The sequences were processed using the XGI pipeline [28]. The assembly described in this paper is known as the May 2004 assembly. The consensus sequences (unigenes) were named Sp_N1_N2_May04 with N1 referring to the number of ESTs in the contig, and N2 the contig number. The consensus sequences were annotated using the methods implemented in the XGI pipeline [29]. These include BLASTX [86] searches against NCBI non-redundant (nr) protein library; BLIMPS search against Blocks+ protein motif database [87, 88]; searches with the 12 algorithms of InterProScan [89] against the InterPro database [90]; and identification of signal peptides for extracellular secretion with PexFinder [91], an algorithm based on SignalP 2.0 [33, 92]. Automated post-analysis annotation links BLAST and Blocks+ hits to their cognate Gene Ontology entries [93, 94], whereas InterPro hits are automatically linked to GO annotations.
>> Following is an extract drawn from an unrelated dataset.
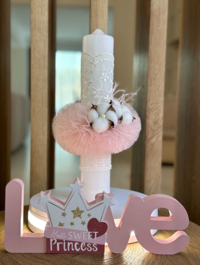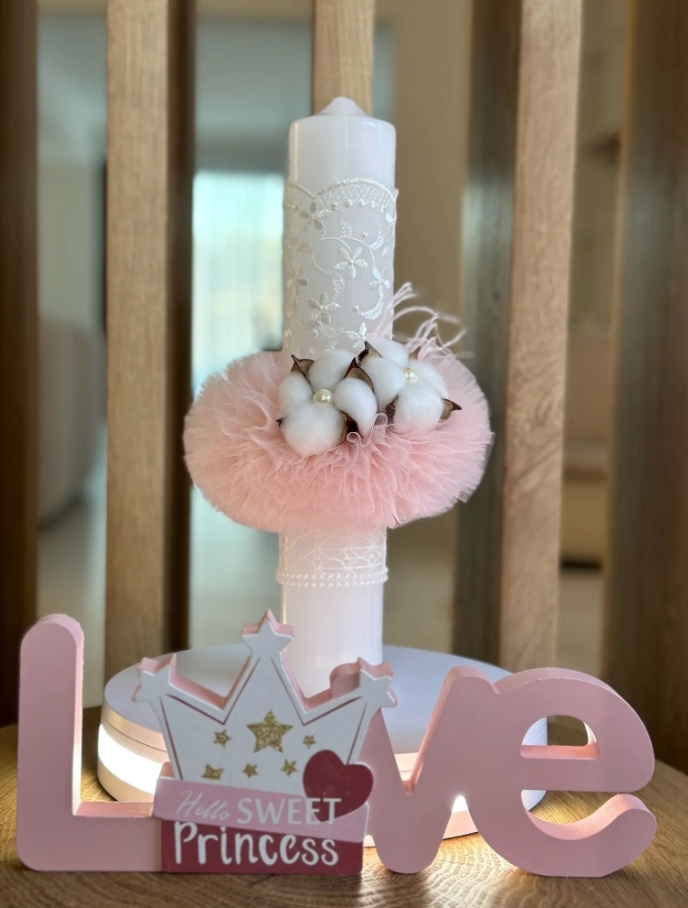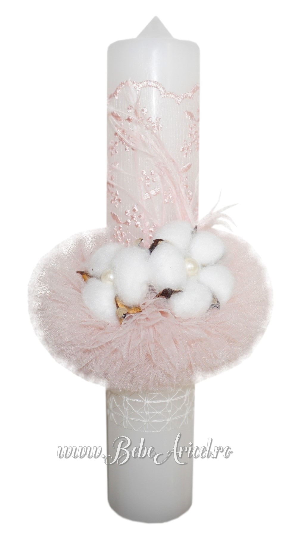 Lumanare stalp pentru botez FLORI DE BUMBAC
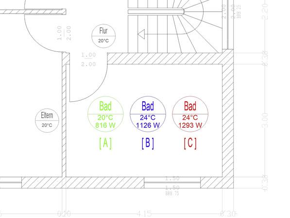 Die teilweise eingeschränkte Beheizung ist hierfür der passende Begriff. Nimmt man also realistisch an, dass das Elternschlafzimmer und der Flur nur auf 15 °C beheizt sind, erhöht sich nochmals die Heizlast des Badezimmers auf insgesamt 1.293 W. Entsprechend sind rund 104 W/m² zu stemmen.

Additional similarity searches using BLAST [86] and other bioinformatics analyses were also performed locally on Mac OSX G4/G5 workstations. BLAST E-value lower than 0.01 were retained, and searches were conducted with the low-complexity filter on. Local databases were compiled from GenBank nonredundant (NR), dBEST, and TraceDB databases [95] and the Broad Institute [96]. They included "darwin_270334.faa" a curated dataset of 270334 eukaryotic proteins that we compiled. The data covers six major phyla: fungi, animals, plants, alveolates, discicristates, and heterokonts. It includes the complete proteomes of 17 species and at least the complete proteome of one species for all phyla except for discicristates. The MEROPS database of proteases and protease inhibitors was also queried [45]. Multiple alignments were conducted using the program Clustal-X [97], adjusted manually as necessary, and visualized with BOXSHADE [98]. Consensus sequences were visualized with weblogo [99]. A cDNA was deemed likely to be full length when it was the most 5' proximal EST among assemblies and gave hits to the N-terminal portion of known proteins following similarity searches.

Phylogenetic analysis

A data set of concatenated protein sequences was developed to perform phylogenetic comparisons of four oomycete species and the diatom Thalassosira pseudonana [100]. First, BLASTX searches of the S. parasitica unigenes against the diatom proteome were performed. Matching sequences with E value < 1e-20 were extracted and then used to search WGS and EST reads of P. infestans, P. sojae, and P. ramorum. A total of 18 sequences that were conserved among all five species were identified and were aligned individually with Clustal-X. Poorly aligned edges were then trimmed and the alignments were concatenated. PAUP v4.0b8 (Sinauer Associates Inc., Sunderland, MA) was used to reconstruct phylogenetic trees using the neighbor joining method and maximum parsimony with 1000 bootstrap replications.

Data dissemination

The DNA sequences, assemblies, and annotations are publicly available through the Oomycete Genomics Database (OGD) [1]. The 1510 high quality ESTs were also deposited in NCBI's GenBank under accession numbers DN615772-DN617281.